Seth Klarman‘s Baupost Group LLC stands to make a bundle on Merck’s buyout of Idenix Pharmaceuticals Inc (NASDAQ:IDIX). Assuming Baupost’s more than 35% stake in the company reported on March 31st hasn’t changed, Klarman and colleagues will net close to one billion dollars based on the $24.50 acquisition price.
Overview of Baupost Group
Baupost Group, which manages $30 billion in assets, owned 53.3 million shares of the maker of hepatitis C treatments as of the end of March, making it Idenix’s largest shareholder, according to Bloomberg data. Klarman is a well-known value investor, and has profited handsomely from a number of M&A investments over the last couple of years. Since its founding in 1983, Baupost’s lead fund has returned almost 17% a year, compared to just 11% annually for the Standard & Poor’s 500 Index.
Klarman holds relatively few equities currently as he views the stock markets as overvalued.
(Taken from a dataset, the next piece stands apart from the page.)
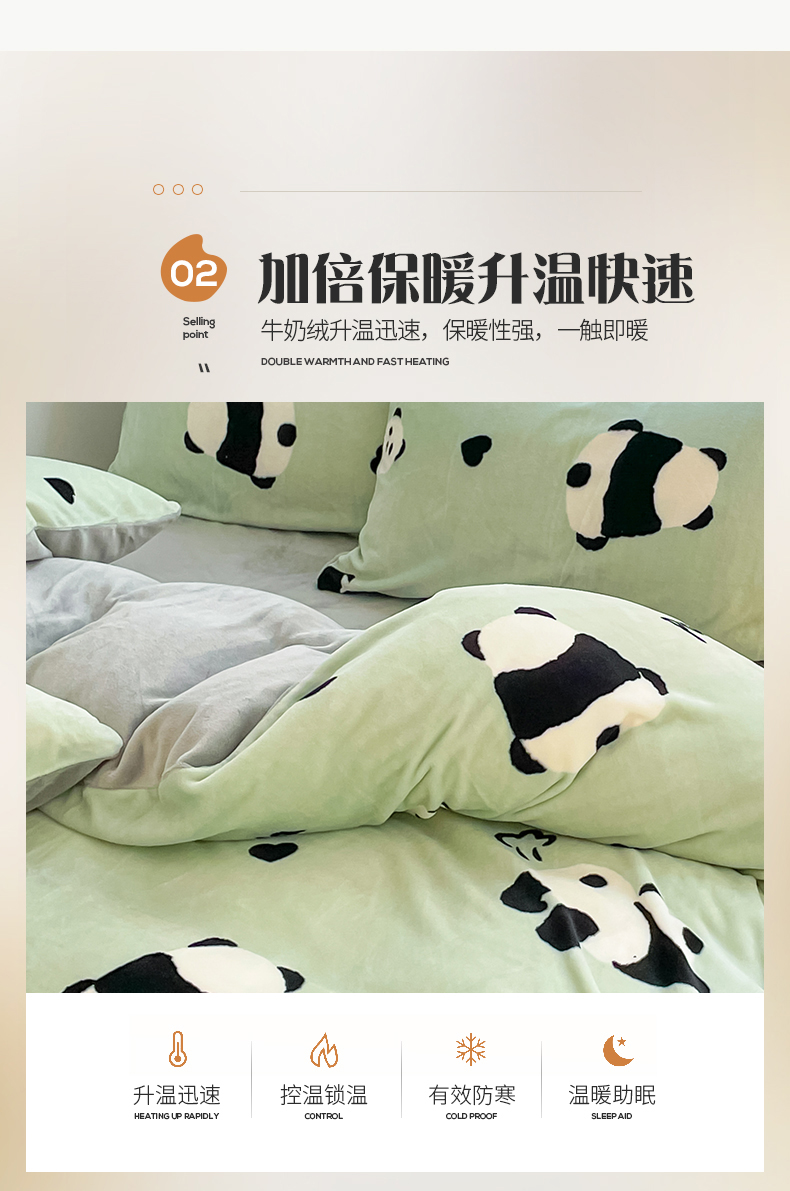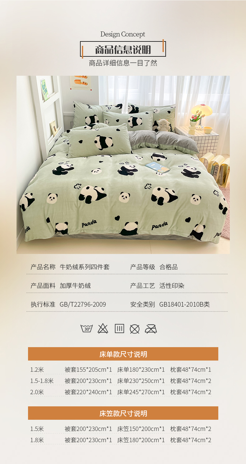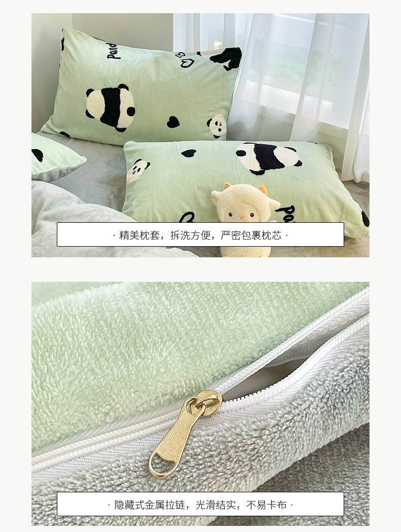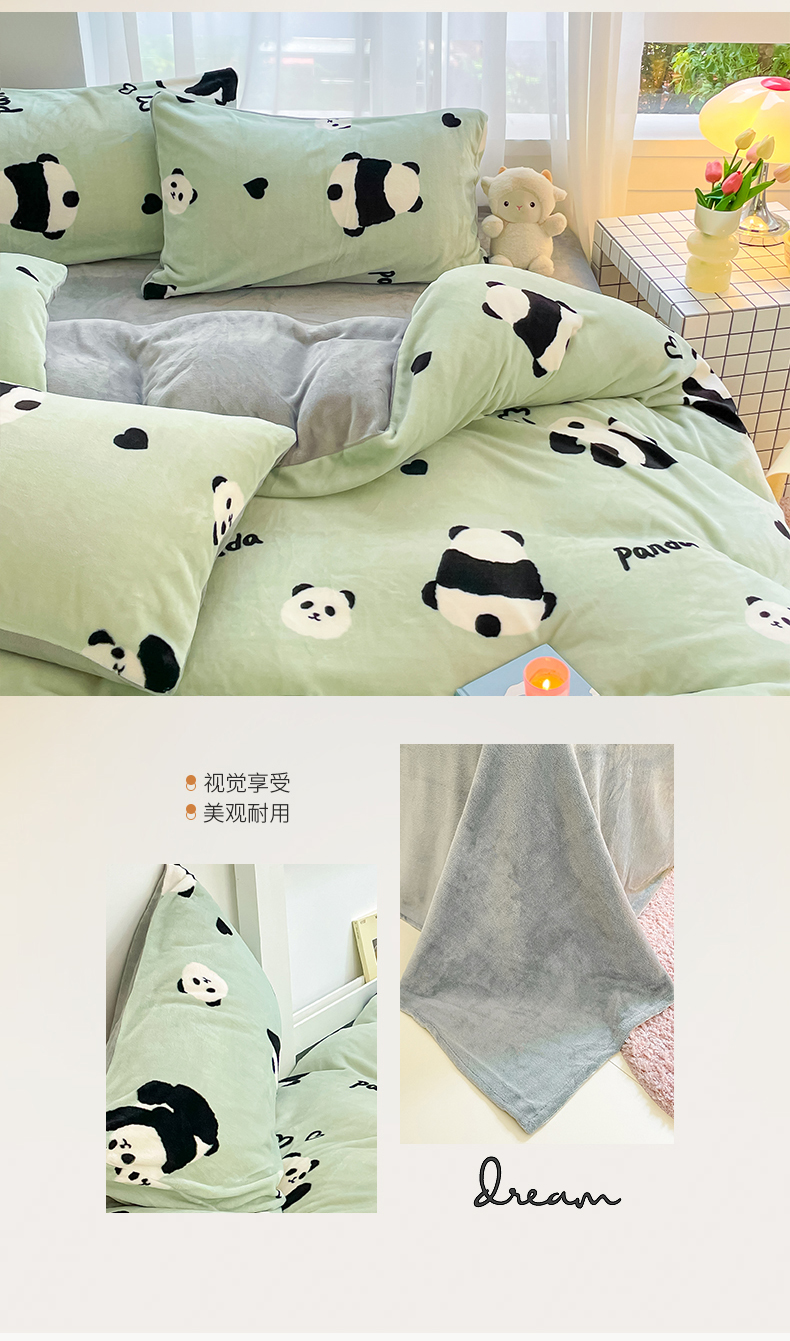 商品名称:桃子 2023新款ins小清新韩系可爱卡通奶油兔子加厚牛奶绒系列四件套详情第三批 绒-绿萌熊猫

In a recent letter to investors, he wrote “on almost any metric, the U.S. equity market is historically quite expensive.” Baupost Group was holding 40% of its assets in cash of as year end 2013.
Merck and Idenix deal price “reasonable”
Idenix Pharmaceuticals Inc (NASDAQ:IDIX) has a reasonably broad future pipeline, including two promising hepatitis C candidates and screening library of nukes including IDX-437 and IDX-459, the latter just beginning P1 enrollment in Europe. The patent life of the nuclear pharmaceutical is until around 2030. The DB newsletter also highlights that Idenix has an NS5A agent (samatasvir) for Hep C that has demonstrated strong activity in combination with a Janssen agent.
In concluding the DB report, Young and colleagues also note, “These nukes are different than other historical nukes like IDX-184. There is some scarcity value to nukes since many companies are not developing them. And we believe that nukes are necessary for shorter duration curative HCV regimens.”